LXII. Mais enfin ce poison, par qui l’a-t-on fait donner ? Par M. Asellius. Quelle liaison avait cet homme avec Cluentius ? Aucune. Je dis plus : ami d’Oppianicus, il ne pouvait que le haïr. Et Cluentius, haï d’Asellius, l’aurait chargé d’un assassinat ! c’est au plus intime ami d’Oppianicus qu’il aurait demandé la mort d’Oppianicus ! Et vous, Caïus, qu’un pieux devoir rend aujourd’hui son accusateur, pourquoi laissez-vous jouir Asellius d’une si longue impunité ? pourquoi n’avez-vous pas, comme Cluentius, fait condamner d’avance le vrai coupable, dans la personne du ministre de son crime ? Je vais plus loin, juges : quelle invraisemblance ! quelle invention nouvelle et bizarre ! empoisonner avec du pain ! La chose était-elle donc plus facile qu’avec du vin ? Le poison, caché dans quelque partie de ce pain, était-il plus invisible que s’il eût été dissous et mêlé dans un breuvage ? Fallait-il le manger et non le boire, pour qu’il s’insinuât avec plus de rapidité dans les veines ? Et si on venait à le découvrir dans ce pain, était-il plus facile d’en imposer aux yeux, que si un parfait mélange, en le confondant avec une liqueur, eût rendu impossible de le reconnaître ? — Mais Oppianicus est mort subitement. — Quand cela serait, un genre de mort dont on voit tant d’exemples n’autorise pas à supposer un empoisonnement. Et le soupçon, fût-il légitime, il devrait tomber sur d’autres que Cluentius. Mais le fait même est de la plus insigne fausseté. Afin de vous en convaincre, apprenez les détails de sa mort, et comment, après sa mort, une mère dénaturée appela sur la tête de Cluentius une injuste accusation.

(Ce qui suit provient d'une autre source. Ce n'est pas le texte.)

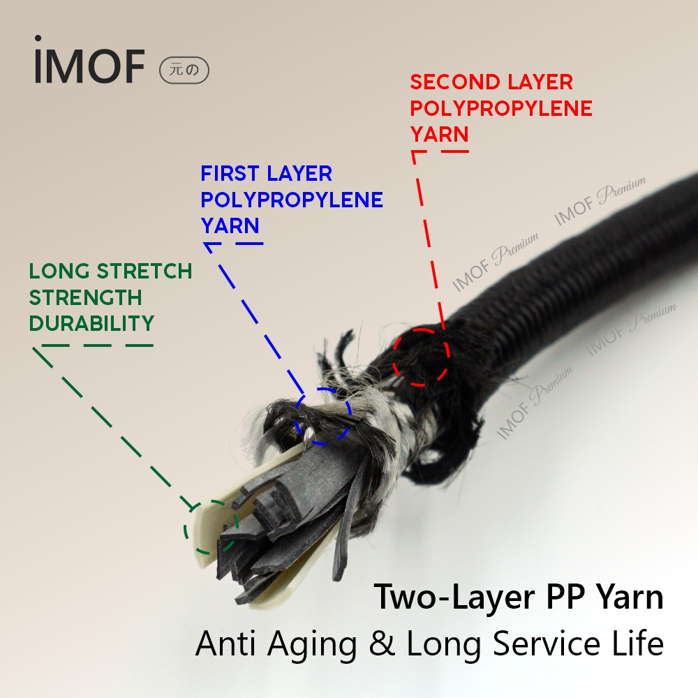 Merek : IMOF Model : Shock Cord Kualitas : Premium Quality Karet : High Quality Latex Benang : Two-Layer PP Jahitan : Cross Woven Diameter ø Tali : 8 mm Panjang Tali : 60 cm Kait : Heavy Duty Ultra Hard Plastic Coated Diameter ø Kait : 3.5 mm Warna tersedia : Hitam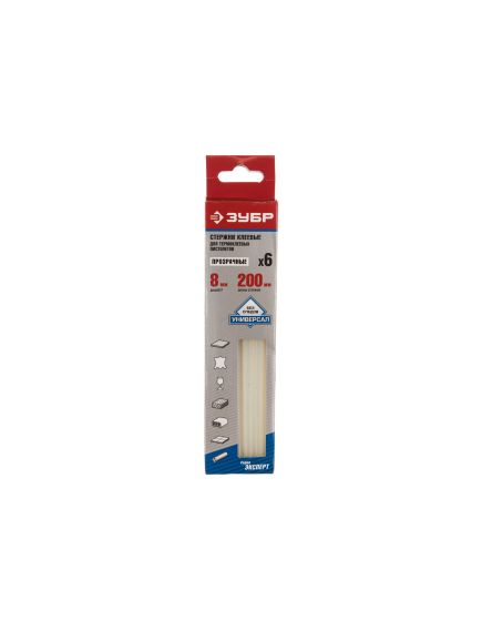 Стержни клеевые прозрачные 8 х 200 мм в упаковке 6 шт ЗУБР 06855-08-1
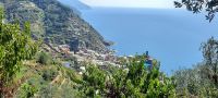 Von Sestri Levante aus fuhren wir mit dem Zug nach Vernazza - hier startete unsere Tour nach Corniglia. (Einwohner 245). Durch akkurat angelegte Weinstöcke schlängelte sich der Weg stetig bergauf mit Blick auf das azurblaue Meer. Es sind alte Pass Wege, die die Dörfchen miteinander verbinden. Die Aussichtspunkte entlang des Weges waren fantastisch. Nach ca. 1 Std. erfreuten wir uns am Anblick von den vielen ineinander geschachtelten Häuser und die Anstrengung war wie verflogen. Wir durchquerten einen weiteren Anstieg bis ganz malerisch die farbenfrohen Häuser auf dem kleinen Plateau zu erkennen waren. Auf der Aussichtsterrasse von Corniglia schweifte unser Blick bis Monterosso in westlicher und nach Manarola in östliche Richtung. Ein wenig schlenderten wir durch die Gassen von Corniglia, die wahrhaftig ihren alten Charme bewahrt haben. Die 234 Stufen abwärts zum Bahnhof meisterten wir in Windeseile, denn wir wollten den nächsten Zug nach Manarola nicht verpassen. Nur 2 Minuten dauerte die Fahrt nach Manarola (Einwohner 210) und wir erreichten das vierte Dörfchen der Cinque Terre. Am Bahnhof angekommen, kreuzten auch viele Touristen unseren Weg. Erst an unserem Picknick Platz, oberhalb der Bucht mit Blick auf Manarola, konnten wir im Schatten schnell wieder unsere Kräfte sammeln und dem lebhaften Trubel aus dem Weg gehen. Ein Platz zum Genießen und fast für uns Alleine, da schmeckte unser Picknick umso besser! Die Felsen direkt im Hafen von Manarola waren für Jugendliche das Highlight, die einen guten Sprung von ca. 3 - 4 Meter Höhe ins Meer riskierten. Der Applaus war ihnen gewiss... Im Anschluss fuhren wir nach Sestri Levante zurück, um den Tag in Ruhe ausklingen zu lassen.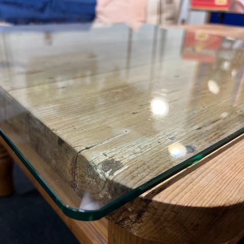 Elegant design med 1,8 cm. Tyk hærdet glas bordplade.

Oppianicus, errant, exilé, repoussé de tout le monde, se retira dans le pays de Falerne, chez C. Quintilius. Là il fut attaqué d’une maladie assez grave et qui se prolongea quelque temps. Sassia était près de lui, entretenant avec un jeune et robuste laboureur, nommé Statius Albius, qui fréquentait la maison, des liaisons que n’aurait pas souffertes, dans une autre fortune, le mari le moins jaloux de son honneur, et vivant comme si la condamnation de son époux avait abrogé pour elle les saintes lois du mariage. Un certain Nicostrate, esclave d’Oppianicus, dont l’œil était clairvoyant et la bouche véridique, faisait, dit-on, à son maître de fâcheuses révélations. Cependant Oppianicus commençait à se rétablir. Ne pouvant supporter plus longtemps la scandaleuse rivalité du laboureur de Falerne, il partit pour venir auprès de Rome, où il avait, hors des portes, un asile qu’il tenait à loyer. On dit que, dans ce voyage, il tomba de cheval, et que cet homme d’une santé affaiblie, ayant reçu au côté une violente contusion, arriva près de la ville avec la fièvre, et mourut au bout de quelques jours. Voilà, juges, quelle fut sa mort. Certes, elle ne fait naître aucun soupçon ; ou, si elle est le fruit du crime, c’est un crime domestique, et c’est dans sa maison qu’il faut chercher le coupable.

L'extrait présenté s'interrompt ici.